Wednesday, 8 January 2014

Burger King / Waitrose

Prior to it becoming Waitrose, the old Burger King building stood abandoned at the top of Pride Hill for quite a few years. It was here that my addiction to exploration began. Around 2010, I wandered blissfully around the town of Shrewsbury, probably on my way to the Quarry, or KFC, or maybe Monty's, or whatever a man happens to come across when he walks down Claremont Street. One often forgets the initial planned destination, when life becomes a whole less mundane and the outcome of the evening is infinitely better than whatever the original plan was.

I overheard a conversation, between two teenagers, regarding exploring the old Burger King building and playing Hide & Seek in its pitch black coridors. This intrigued me and I was quite content to drop whatever I was doing in favour of checking this place out.
Sure enough, around the back were two barriers- one with a gap easily crawled under and the other a climbable fence, and beyond the gateway, a spiral staircase to the top. Once on the roof, a trap door led into the building itself and once there, all its floors were explorable. Fascinated, I told any friends who would be interested that this wonderful place existed, and it started a little addiction with finding similar places. An addiction that still nags at me to get out and do more, because these things are everywhere.

Note- The group I explore with have a strict policy of leaving everything as it was, not vandalizing or stealing, and not exploring or violating any residential properties, nor do we force entry, merely utilize existing openings. Any entry on the blog that does detail a means of access does so under the assumption that the means of access can no longer be reached. Never would we reveal an existing opening over the internet, for fear of negative consequences against the property or the person entering.

 (Click on a picture to see it big)


Most of the offices we didn't dare enter, due to widespread mold or decay of the floor. Also, for reasons such as being seen through the windows that take up a large portion of the walls, meaning it would be difficult to hide our presence. In hindsight I find this quite entertaining, and also rather annoying, as I've become a much more confident explorer, and certainly more daring, meaning that if this building was still big, empty and accessible, I'd probably take more photos and explore it in much better detail.
But we learn from our mistakes.


Allegedly in the past, a World War 1 vet committed suicide in the basement, but this was something we learned later. At the time we were thrilled that it still smelled of burgers from when it had been the kids area at Burger King.

My favourite part was definitely this awesome stairway to nowhere.

But beyond that there was a corridor leading away from the building itself, although it was flooded with rain water, and so we never got to explore where it went- as mentioned, the Burger King buildings explorability was known to the teenagers of Shrewsbury, and so it didn't take long before it was well known to the police too, and the entire thing was locked up and alarmed. The fact that I never got to follow this flooded tunnel still irritates me, and certainly sparked in me the fascination with the underground passages of Shrewsbury myth.

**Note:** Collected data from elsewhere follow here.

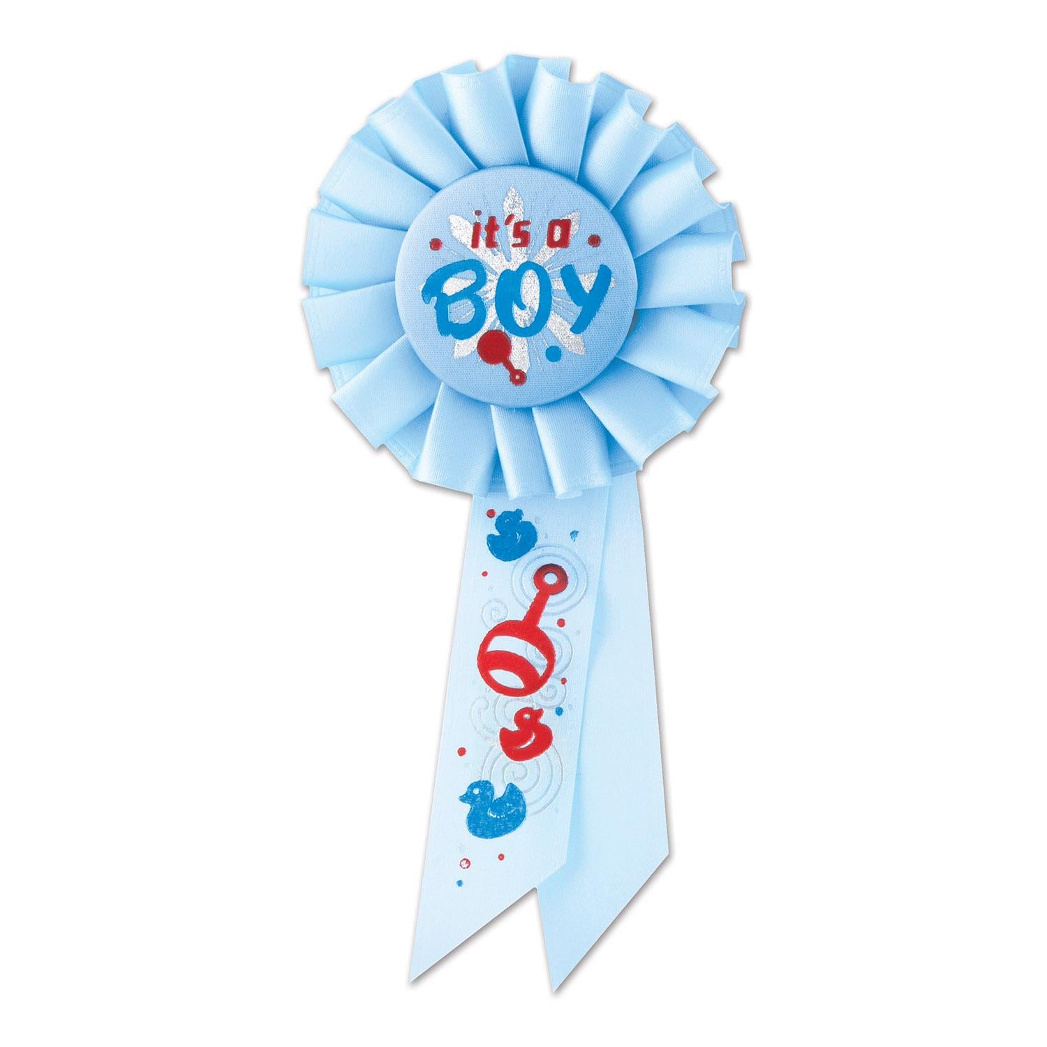 Product Description: The It's A Boy Rosette is the ideal decoration for any Baby Shower. This 3.25" x 6.5" rosette adds a unique touch to any party and is perfect for any Baby Shower. The rosette features ribbons and a DM Rosette to make the perfect decoration for any Baby Shower. With its vibrant colors and detailed design, the It's A Boy Rosette is sure to bring a smile to the face of any expecting mother. Plus, it ships from Pennsylvania warehouse within one business day, so you can be sure you'll have it in time for the Baby Shower. Whether you're looking for decorations or party supplies, the It's A Boy Rosette is the perfect choice for any Baby Shower.
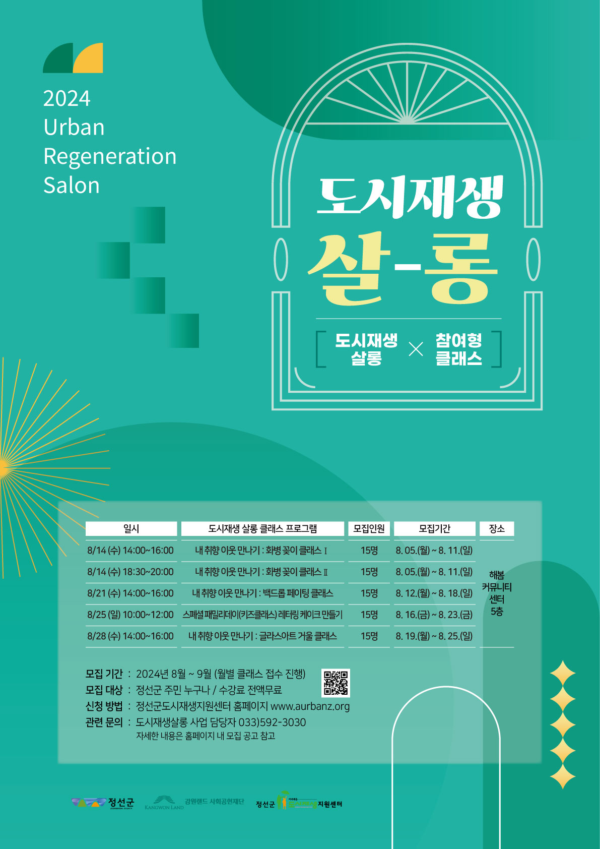 | [공지] 2024 도시재생살롱 - 참여형 클래스 참여자 모집 (0) | 2024.08.01 |
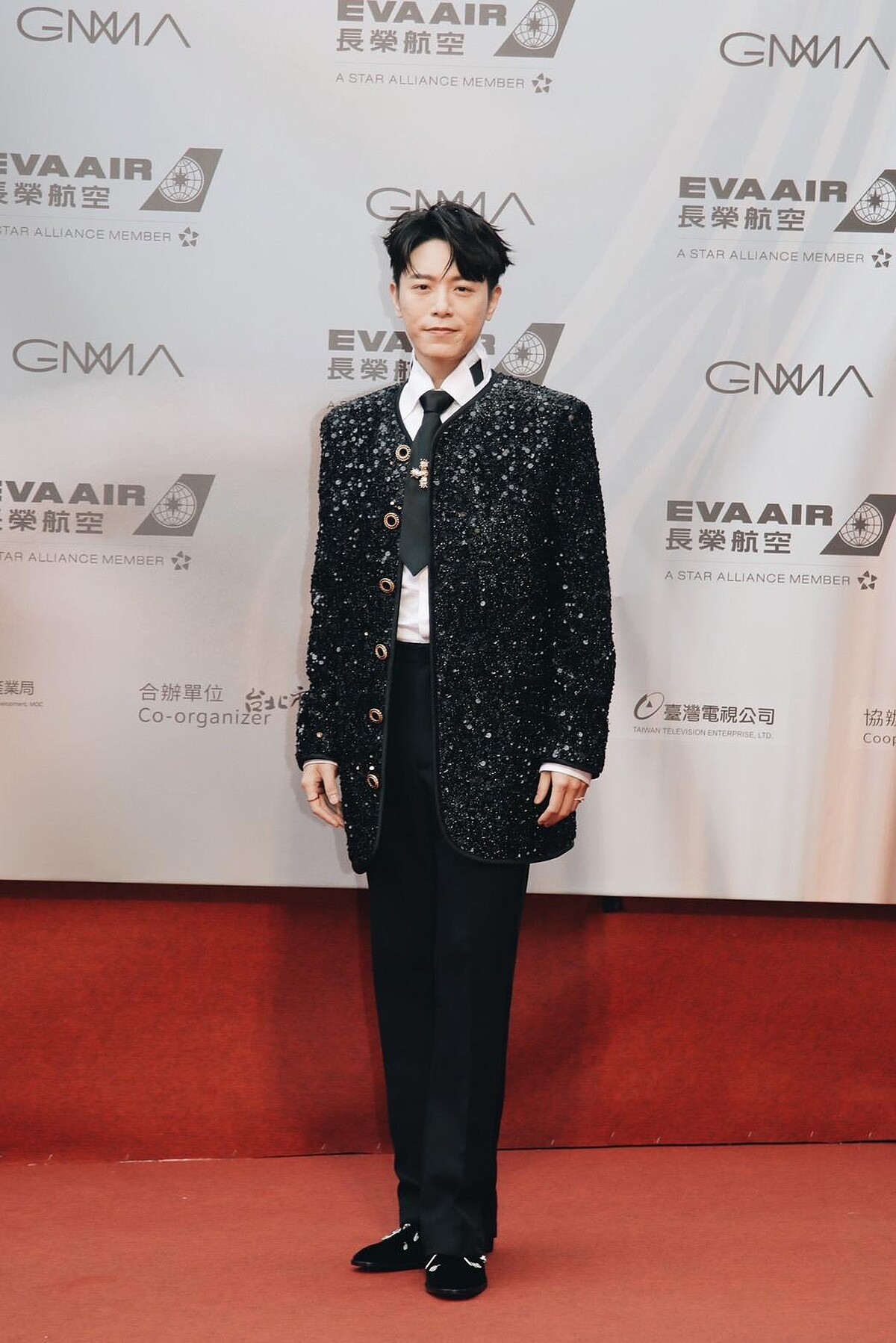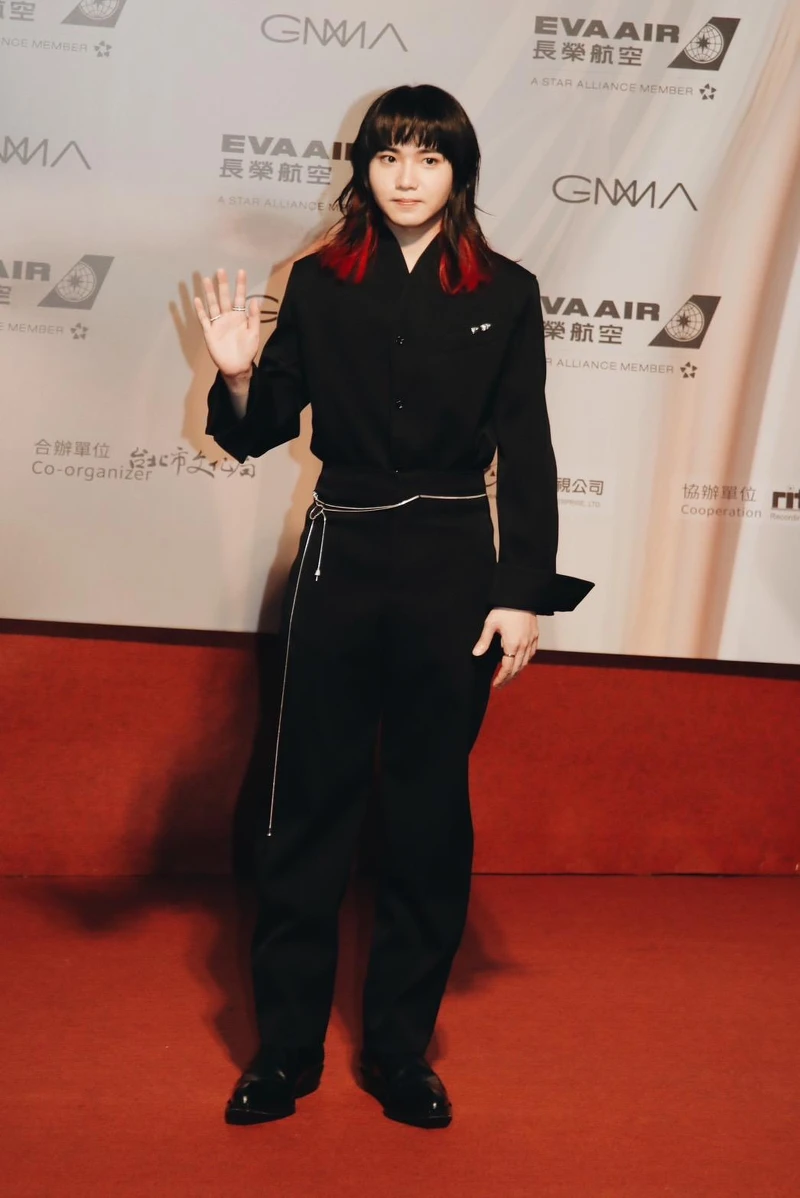 持修入圍本屆最佳單曲製作人獎,他穿著Bottega Veneta的黑色修身套裝搭配Boucheron 寶詩龍的胸針,並以Jack de Boucheron系列項鍊作為腰帶做為造型亮點,反摺袖口率性不失莊重,髮尾紅色挑染也很有記憶點。

However, when Waitrose began working on the place, the building was wrapped up in scaffolding and we were able to once again access the buildings rooftop, and in addition, we were able to expand part of the way down Pride Hill, as far as the roof of Super Drug. This wasn't easy as we had to straddle the triangular rooftop and shuffle along with the fear of a drop on either side. The challenge, however, proved to be in our minds rather than in our physical capabilities. Anyone can do it, but the trick is teaching your mind to accept that doing something so absurd is possible. It was the first time such a ridiculous thing had been done by us but it was good fun, with a better view of the Darwin Shopping Center.

Shrewsbury would prove to be good for rooftop exploration, but naturally I would continue to look deeper...


  1. This is the first time I've read your blog, and I must say it is enchanting and your descriptions wonderful. I know it must take you ages to go through your photos and write all this down. I've spent nearly 4 hours just reading your blog and going to all the links and have thoroughly enjoyed your tour of Shrewsbury even if I am some 6,000 kilometers as the crow flies. Seeing the town from the heights gives a more complete perspective on the actual architecture and layout of Shrewsbury. And I thoroughly enjoyed your forays into the basements and tunnels. Thank you.